Navigation: Navigation is arguably the most critical point for my website. I wanted to give user group 2(HR) a feeling of discovery. For them there is no need to search for something specif due to the fact they arent aware of specific projects yet. For user group 1(Me) i felt like using CTRL+F to find articles was good enough. The navigation I now use is heavily inspired by a design spotify uses. The implementation is pretty dirty. I rarely us JavaScript and I really underestimated the complexity of this filter system.
Quick loading of images: I really wanted to optimize the picture loading. Mainly because I thought it'd look cool. In principle there are two versions of each image, one very very low resolution which loads initially and the real one that only loads in when visible in the viewport. I wrote a python script to create these low resolution thubnails which came with it's own challanges. Initially I scaled all images to 2% size, which caused the thumbnails to differ heavily in size. Also the library I used (Python Imaging Library - PIL) swapped the Red and Blue Channels which caused the images to have the wrong colors.

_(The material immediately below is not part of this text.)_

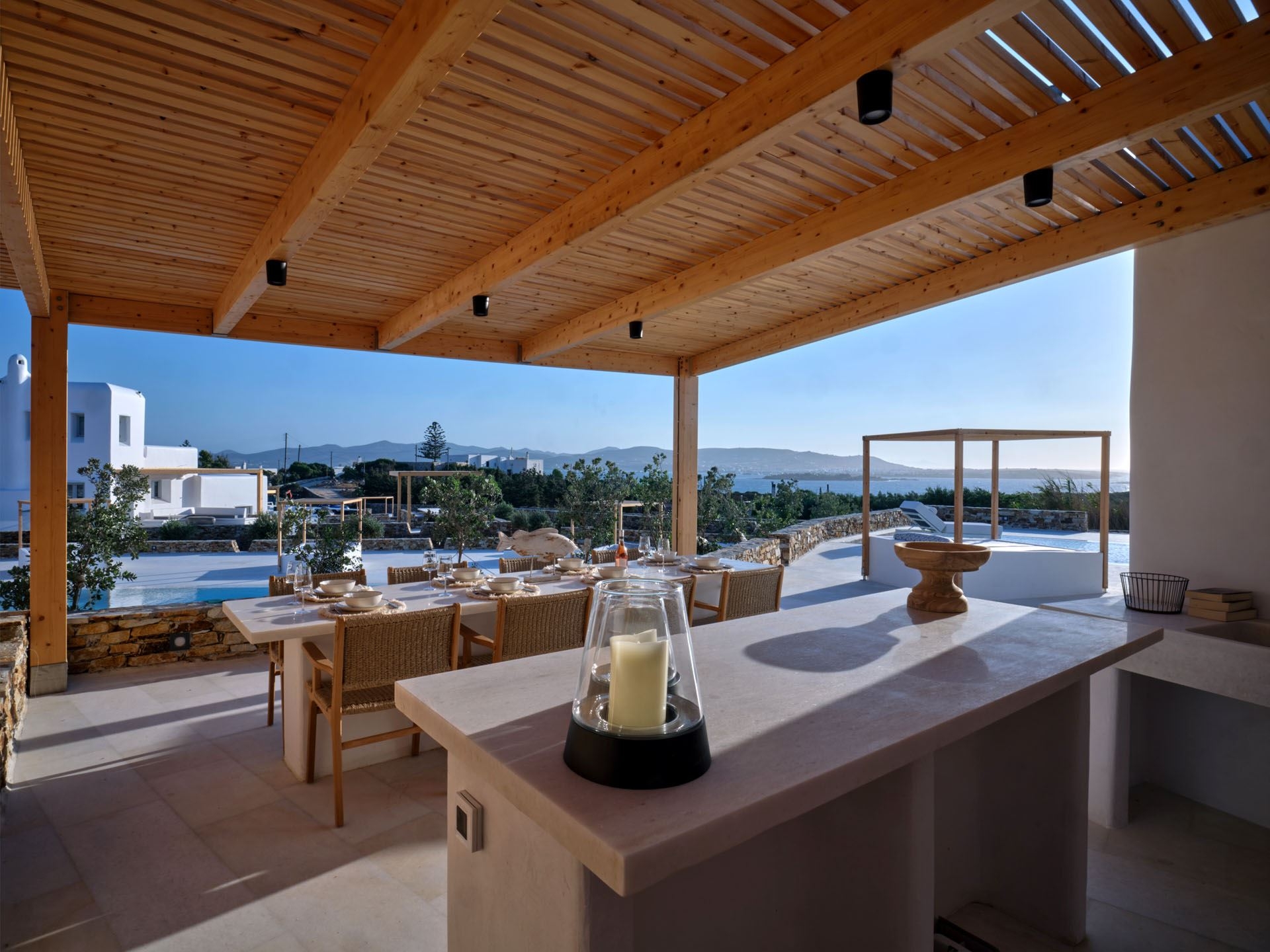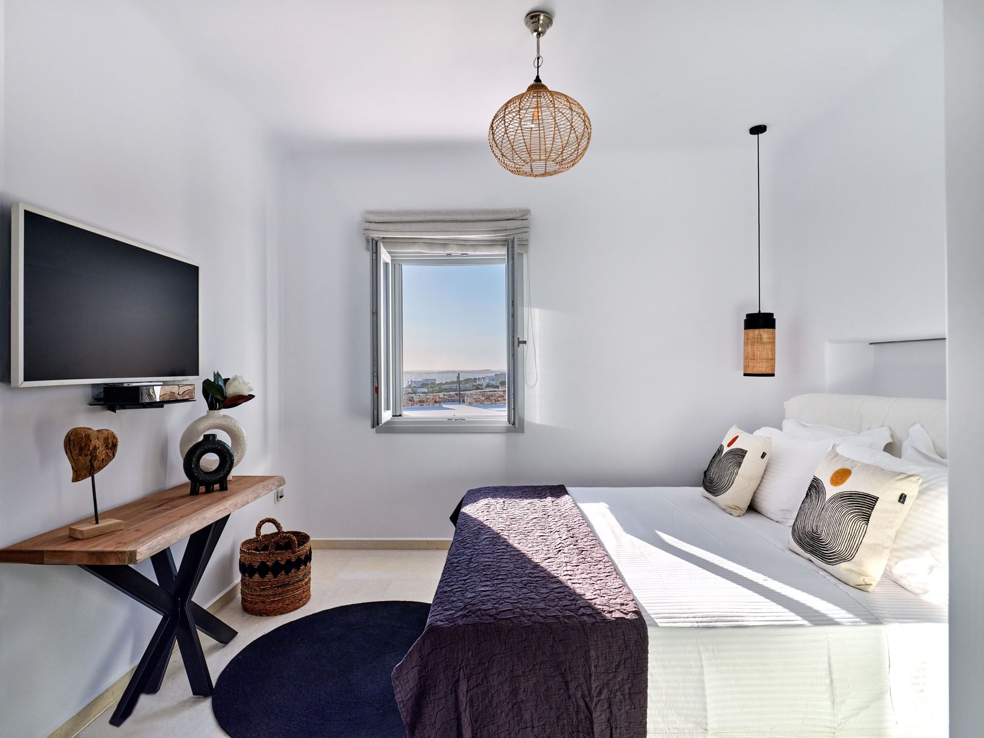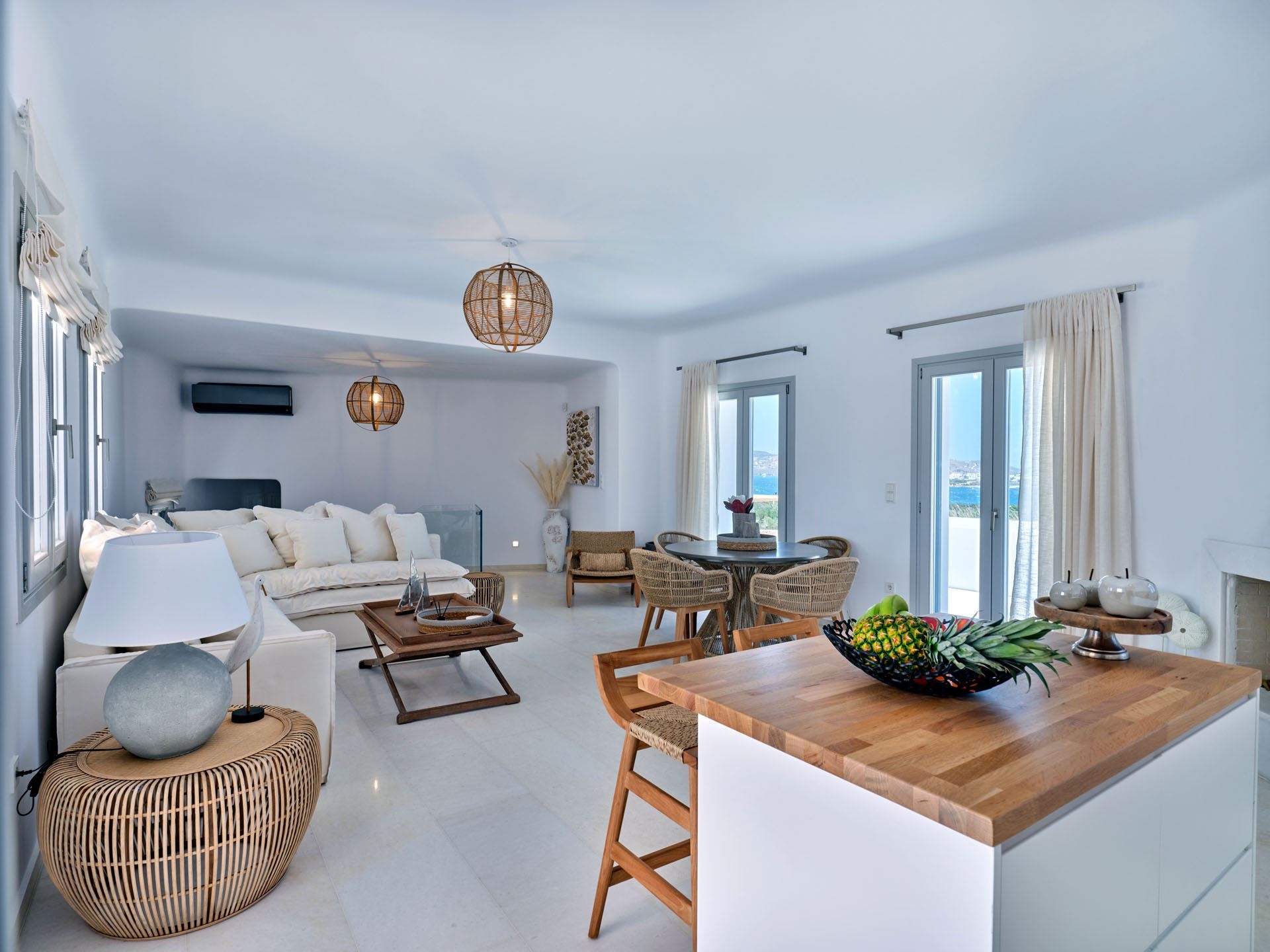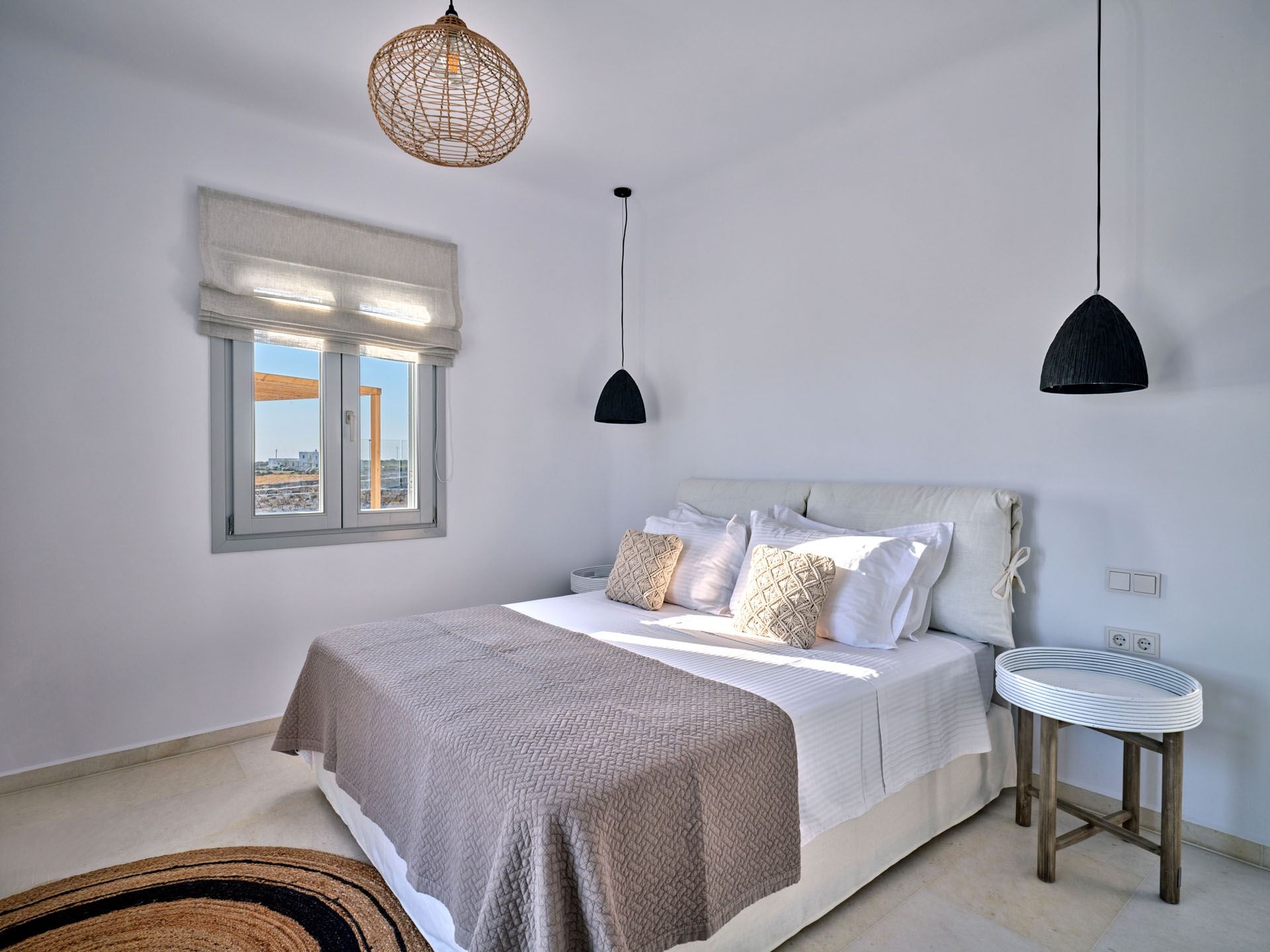 This upscale Paros rental features three spacious bedrooms, each crafted as a serene personal retreat. En suite bathrooms elevate the sense of privacy and convenience, offering a truly pampering experience.

Responsivness: Responsivness was more of an afterthought. I always kept it somewhat in mind, but being aware that my target user group presumably only uses computers. I wasn't bothered too much by it.
Step 5 • Creating Content
Collecting and remembering old projects was no easy feed. I was heavily biased towards recent projects for obvious reasons and I'm certain that I forgot a lot of thinks I did not so recently. Creating written content for each article is still very time consuming. Trying to document afterwards is always a bad idea. Right now I'm just writing down the first thing that comes to mind in regards to that particular project. I also try to be as honest as possible with myself. I'm not sure wether I should include stuff I failed or really am not happy about. Obviously a portfolio is not the right place for this. Maybe I'm gonna seperate the portfolio stuff from the documenting stuff completly. Propably should have done that to begin with.
Step 6 • Webhosting
For my domain I initially eyed nicksportfol.io but this one was a bit cheaper. I still like the idea though. I wanted to host on OVH but they wouldn't verify me. They took my money and ignored me from there on. Three weeks later and I still haven't heard back. So I switched over to one.com, and in a few hours my website was up and running.